During the 1980s, when the concrete interiors were out of fashion, the Playhouse suffered from insensitive "refurbishment" that sought to hide its character. Since 1996, it has been a Grade II* listed building and in 2004, the theatre was sympathetically restored and refurbished with a grant from the Heritage Lottery Fund.

The sculpture Sky Mirror by Anish Kapoor was installed between the theatre and the adjacent green space of Wellington Circus in 2001 at a cost of £1.25m (). It is one of the main features of the 160 seat Djanogly Terrace and in autumn 2007 won the Nottingham Pride of Place in a public vote to determine the city's favourite landmark.

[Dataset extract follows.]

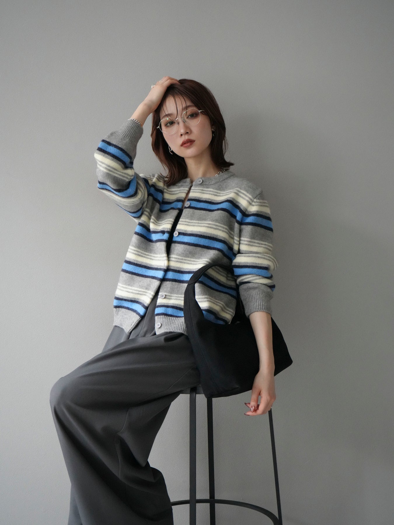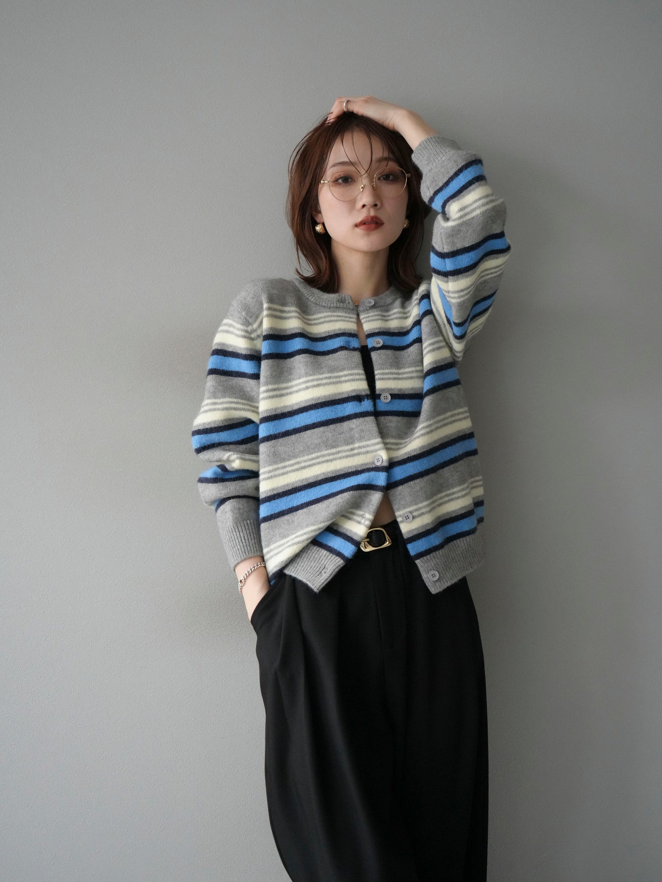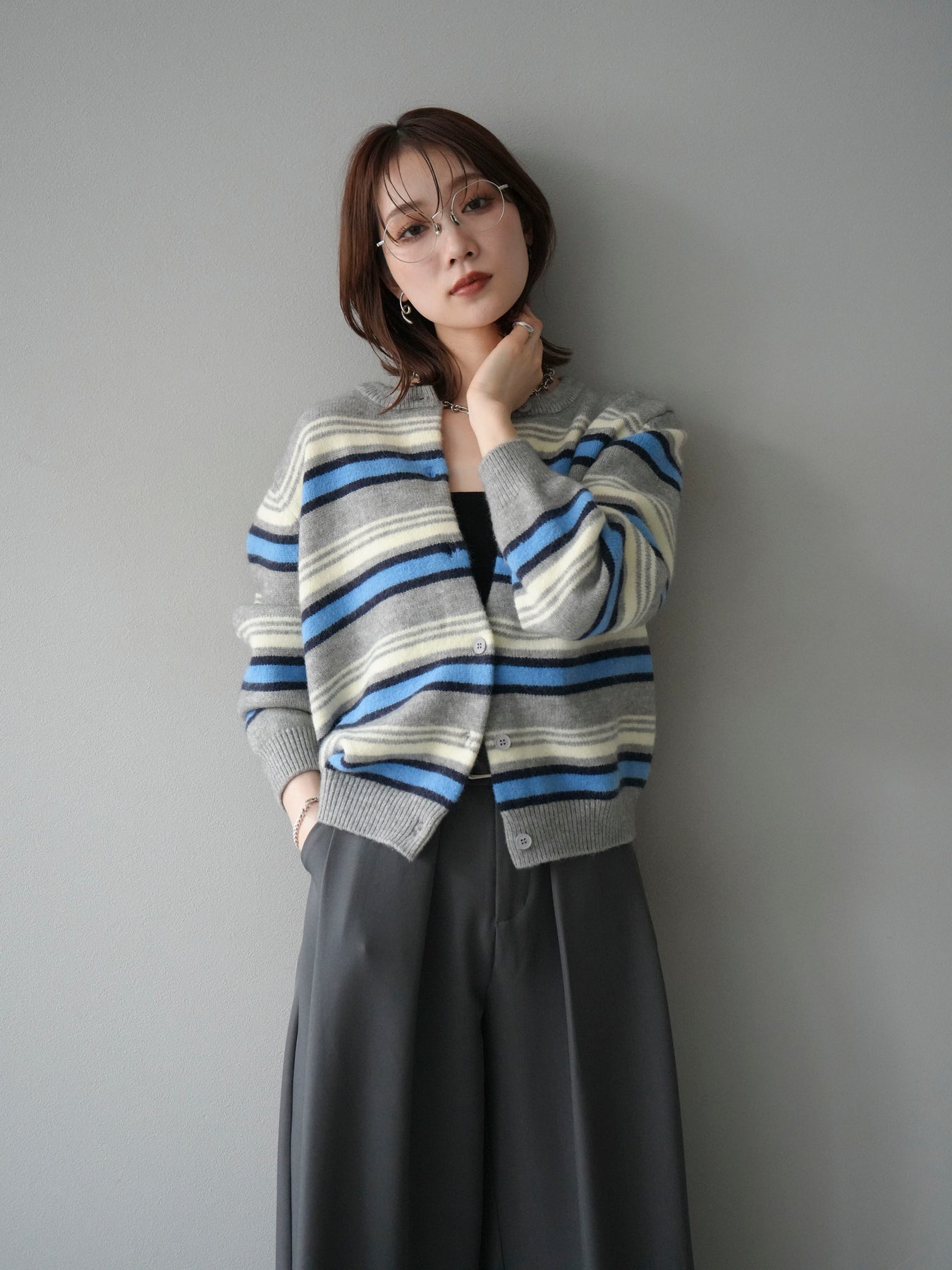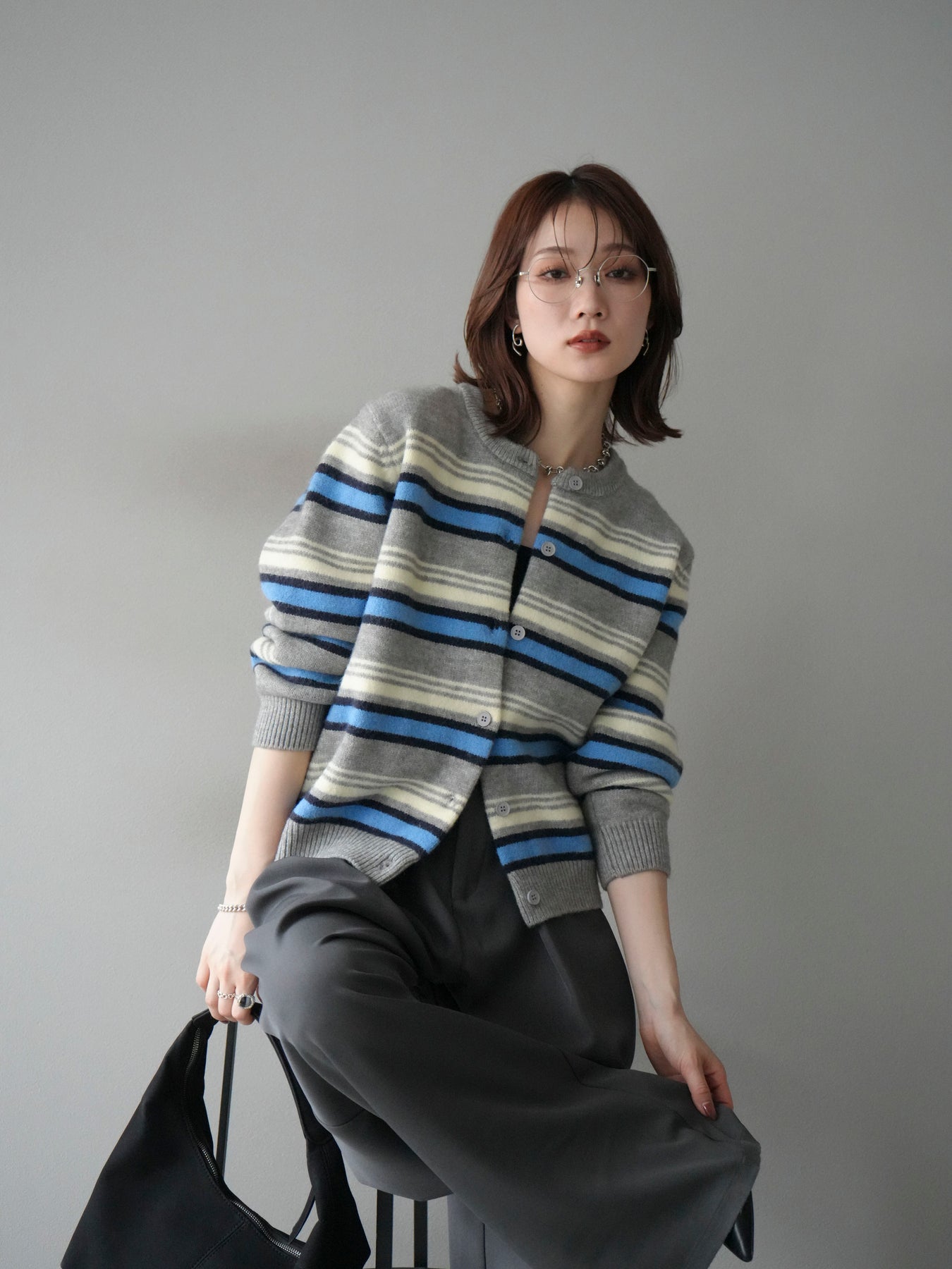 鮮やかな配色ボーダーが目を惹くニットカーディガン。 柔らかくふんわりとした肌触りで、シーズンムードを高めてくれる1枚です。 コンパクトなシルエットとラウンドネックが女性らしい印象を演出し、カジュアルながらも上品に着こなせます。 1枚で主役になる存在感があり、羽織りとしてはもちろん、ボタンを留めてプルオーバー風に着るのもおすすめ。 デニムやスカートなど、幅広いアイテムと相性抜群の万能ニットです。 ※ボトムス、キャミソール(インナー)以外の商品は一律でインナーは付属していません。

In 2014–15, Nottingham Playhouse underwent a complete environmental upgrade including insulation of the fly tower, secondary and double glazing and installing PV panels.  The works were jointly funded by Arts Council England, Nottingham City Council, patron donations and philanthropist Sir Harry Djanogly. The award-winning works have been calculated to cut annual energy usage by over 35%.

In 2019, Nottingham Playhouse was named The Stage Regional Theatre of the Year.

Performance history

The new theatre's artistic direction was shared between Frank Dunlop and actor John Neville with Peter Ustinov as associate.

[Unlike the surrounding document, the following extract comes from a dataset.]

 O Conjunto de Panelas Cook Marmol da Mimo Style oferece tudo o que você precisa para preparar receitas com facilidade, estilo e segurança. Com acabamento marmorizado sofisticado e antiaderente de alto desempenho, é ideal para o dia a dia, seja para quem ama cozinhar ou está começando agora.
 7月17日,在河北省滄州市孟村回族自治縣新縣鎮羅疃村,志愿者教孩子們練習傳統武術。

The first production in the new theatre was Shakespeare's Coriolanus in a production by Tyrone Guthrie. This included a young Ian McKellen as Tullus Aufidius opposite Neville in the title role.

Subsequent artistic directors were Stuart Burge, Richard Eyre, Geoffrey Reeves, Richard Digby Day, Kenneth Alan Taylor, Pip Broughton, Martin Duncan and Giles Croft. The Playhouse is currently under the leadership of Stephanie Sirr MBE, Chief Executive and Adam Penford, artistic director.

Nottingham Playhouse has a strong tradition of new works for children, both in the form of original writing and more recently in the form of classic pantomimes conceived by former artistic director Kenneth Alan Taylor.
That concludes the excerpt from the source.